- _Data for this task_:

○ ○ ○

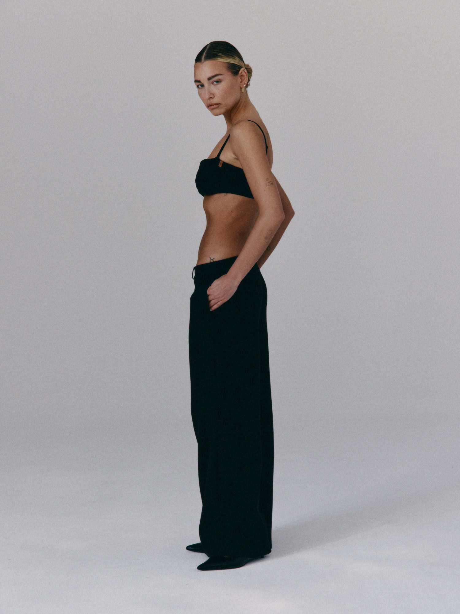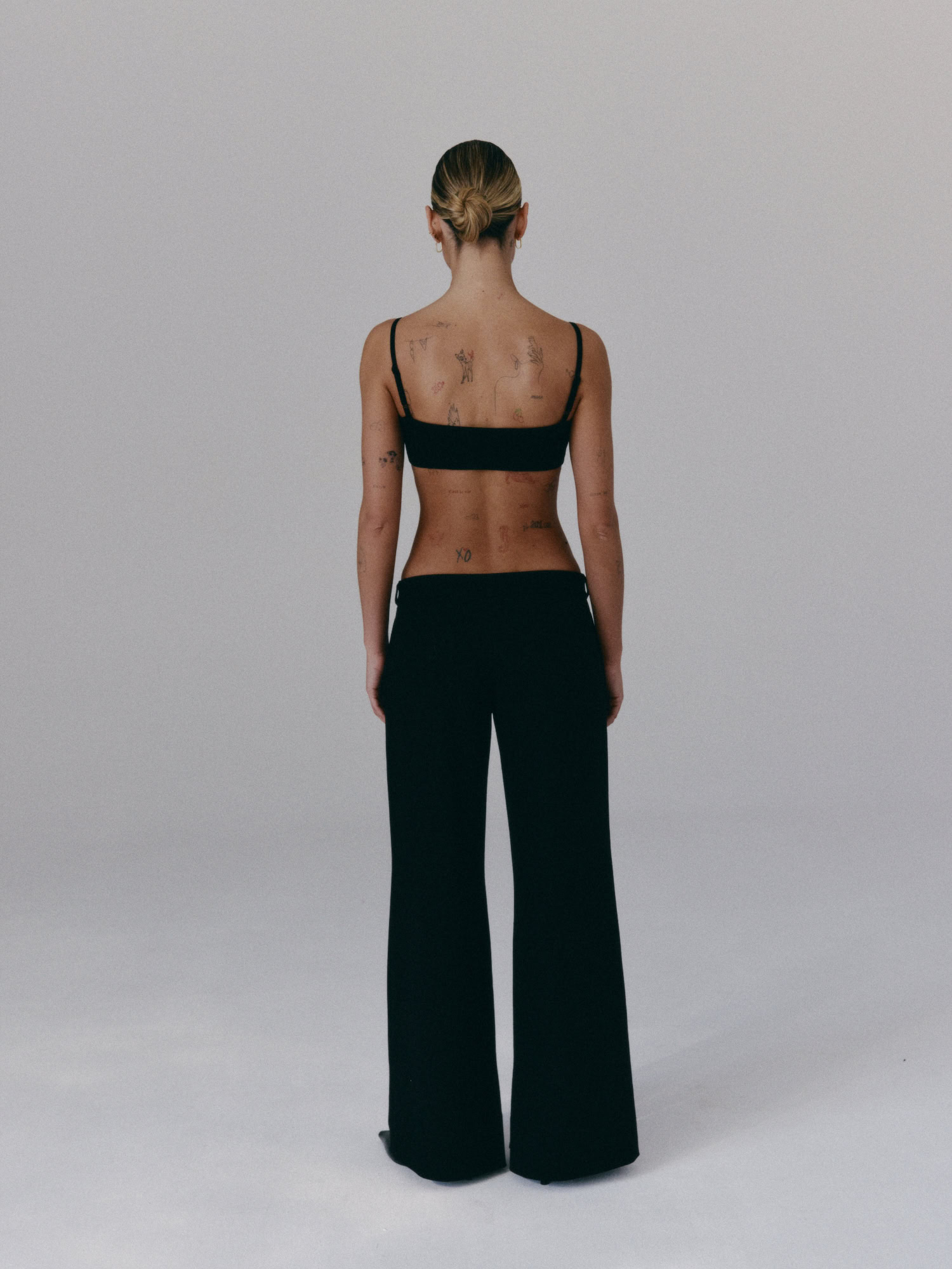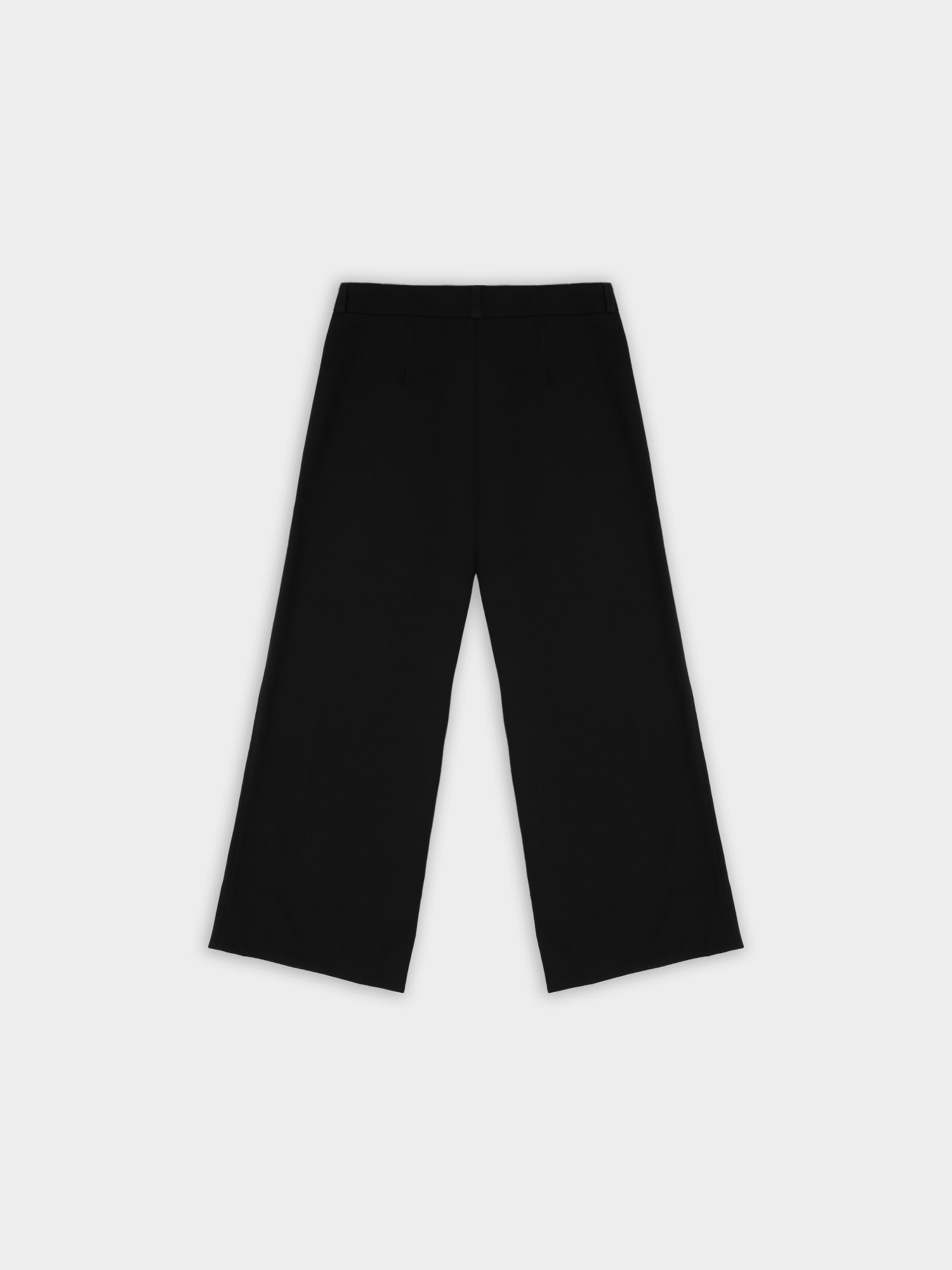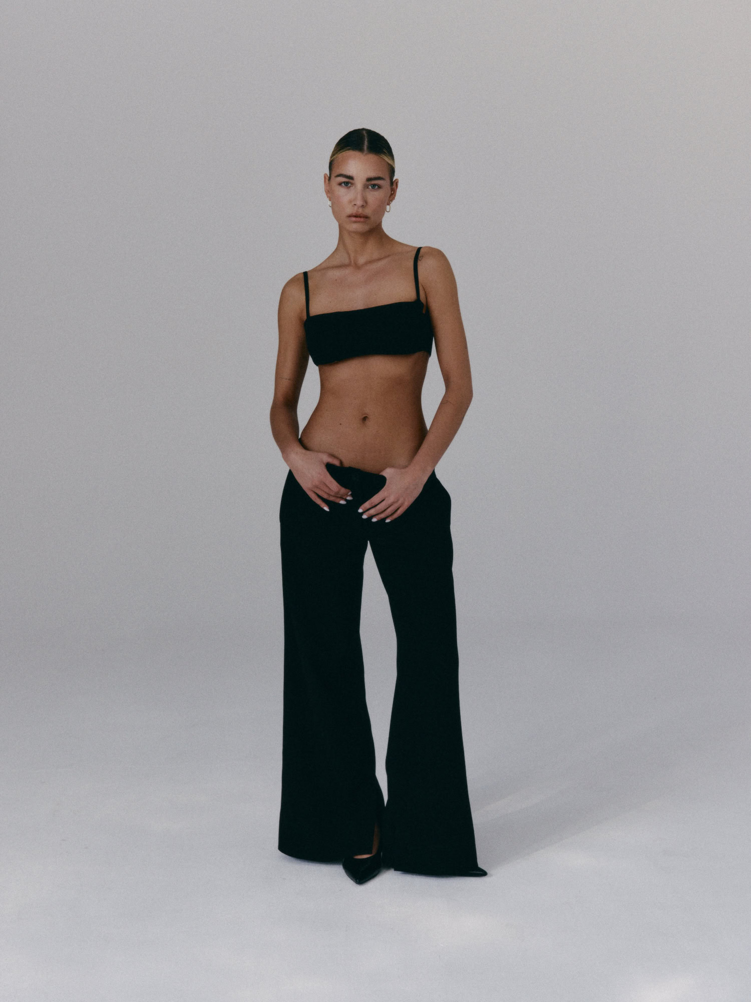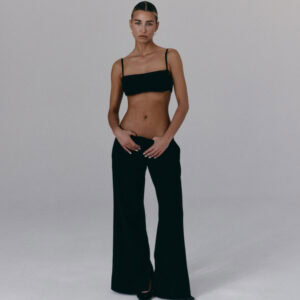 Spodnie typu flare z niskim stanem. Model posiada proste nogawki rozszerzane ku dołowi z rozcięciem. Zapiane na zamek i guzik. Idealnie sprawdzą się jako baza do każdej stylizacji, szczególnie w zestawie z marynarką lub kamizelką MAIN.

○ ○ ○

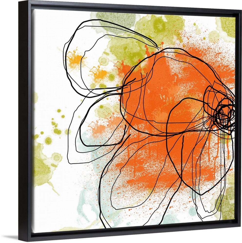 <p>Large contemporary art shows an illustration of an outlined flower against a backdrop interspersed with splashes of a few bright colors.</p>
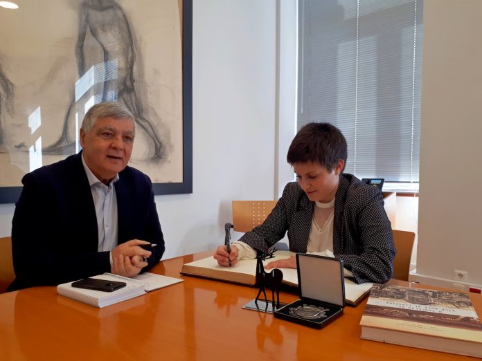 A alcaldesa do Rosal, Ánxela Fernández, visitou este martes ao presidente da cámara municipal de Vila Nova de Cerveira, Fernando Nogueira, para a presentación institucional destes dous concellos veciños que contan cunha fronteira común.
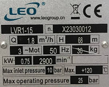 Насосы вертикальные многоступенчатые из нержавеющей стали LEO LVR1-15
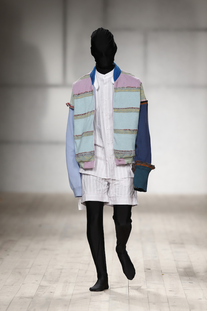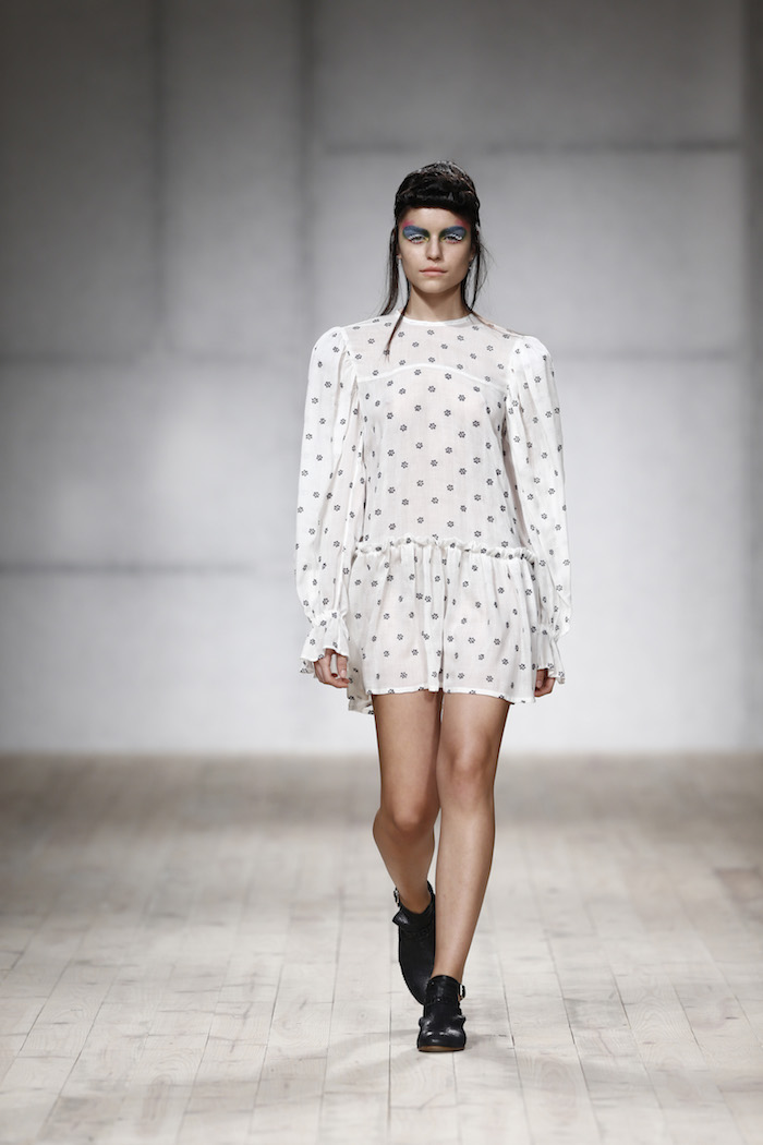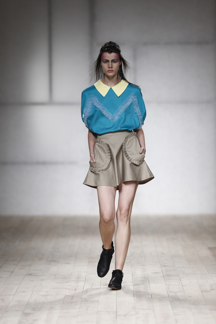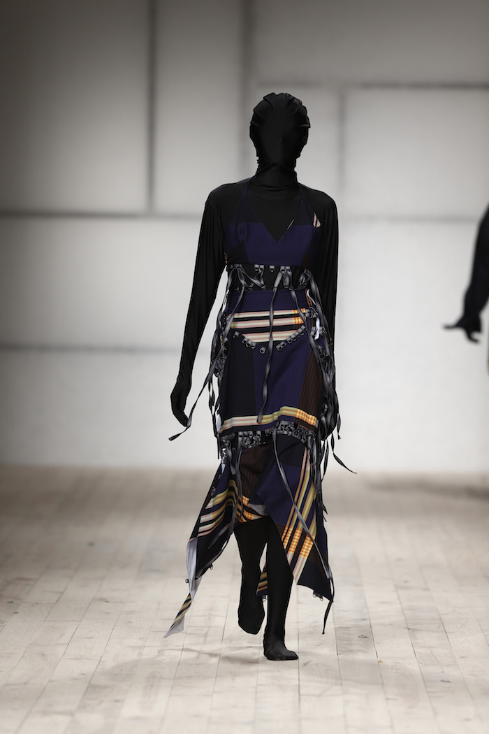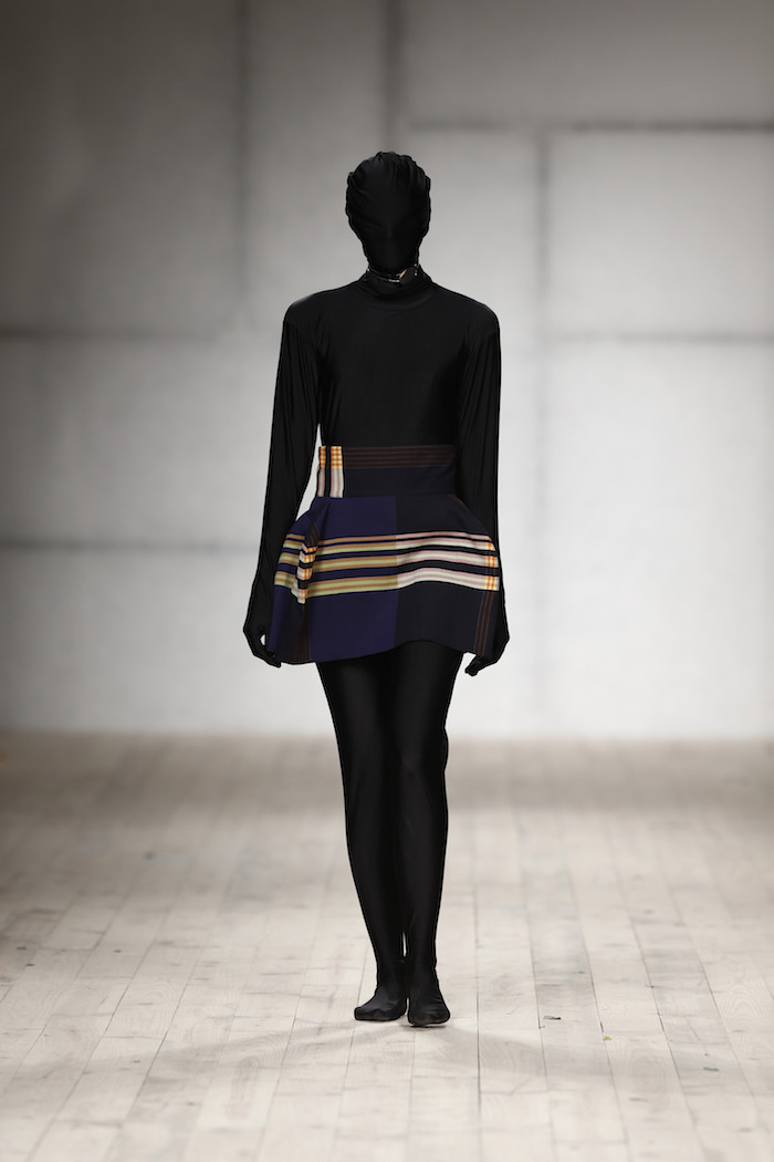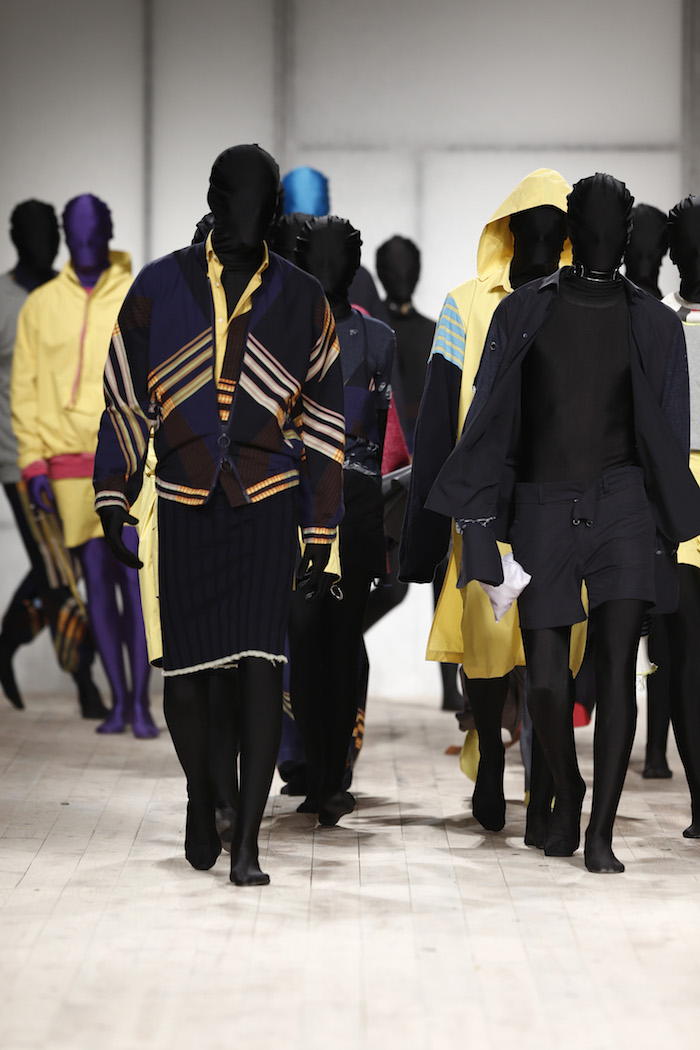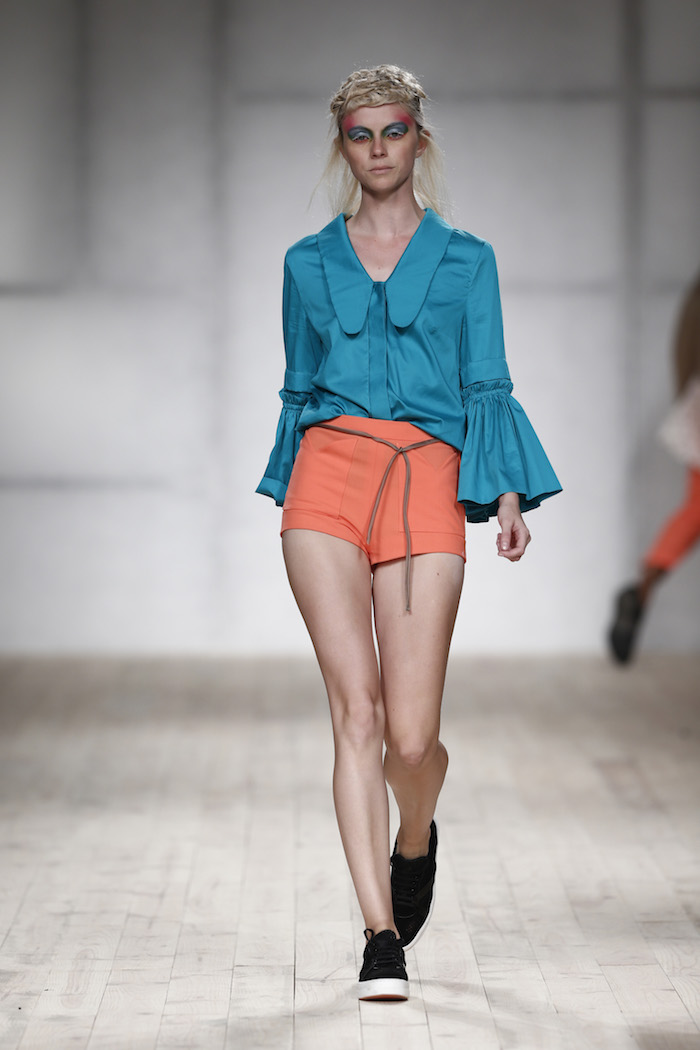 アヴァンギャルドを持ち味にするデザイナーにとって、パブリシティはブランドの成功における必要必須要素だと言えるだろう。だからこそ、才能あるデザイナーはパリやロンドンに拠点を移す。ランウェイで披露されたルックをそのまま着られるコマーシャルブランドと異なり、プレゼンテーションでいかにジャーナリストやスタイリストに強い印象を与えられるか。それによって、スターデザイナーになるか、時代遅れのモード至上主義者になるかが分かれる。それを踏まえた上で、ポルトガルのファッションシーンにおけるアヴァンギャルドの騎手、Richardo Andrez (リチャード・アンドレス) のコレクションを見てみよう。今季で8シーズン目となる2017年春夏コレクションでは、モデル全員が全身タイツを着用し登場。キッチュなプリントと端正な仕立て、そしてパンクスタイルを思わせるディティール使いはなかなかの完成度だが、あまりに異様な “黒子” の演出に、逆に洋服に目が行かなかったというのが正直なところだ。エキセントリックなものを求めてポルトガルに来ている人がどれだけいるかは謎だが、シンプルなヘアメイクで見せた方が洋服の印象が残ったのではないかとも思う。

○ ○ ○

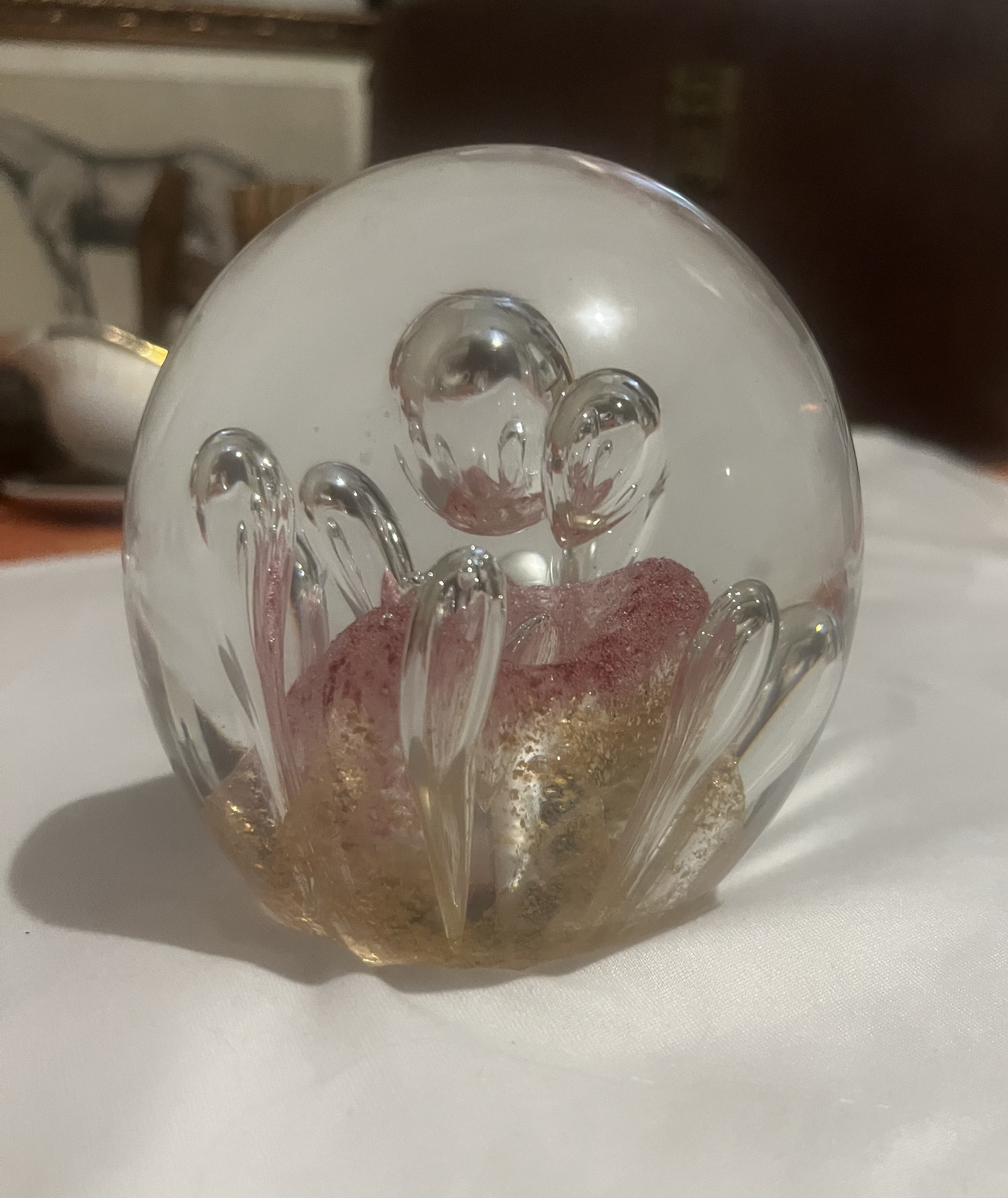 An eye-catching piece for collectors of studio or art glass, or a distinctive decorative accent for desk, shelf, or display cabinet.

○ ○ ○

- _Task to complete_:
From the material above, reproduce only what runs from the line holding "<p>Large contemporary art" down to the line holding "Насосы вертикальные многоступенчатые", both included, pictures excluded.

- _Response to the exercise_:
 <p>Large contemporary art shows an illustration of an outlined flower against a backdrop interspersed with splashes of a few bright colors.</p>
 A alcaldesa do Rosal, Ánxela Fernández, visitou este martes ao presidente da cámara municipal de Vila Nova de Cerveira, Fernando Nogueira, para a presentación institucional destes dous concellos veciños que contan cunha fronteira común.
 Насосы вертикальные многоступенчатые из нержавеющей стали LEO LVR1-15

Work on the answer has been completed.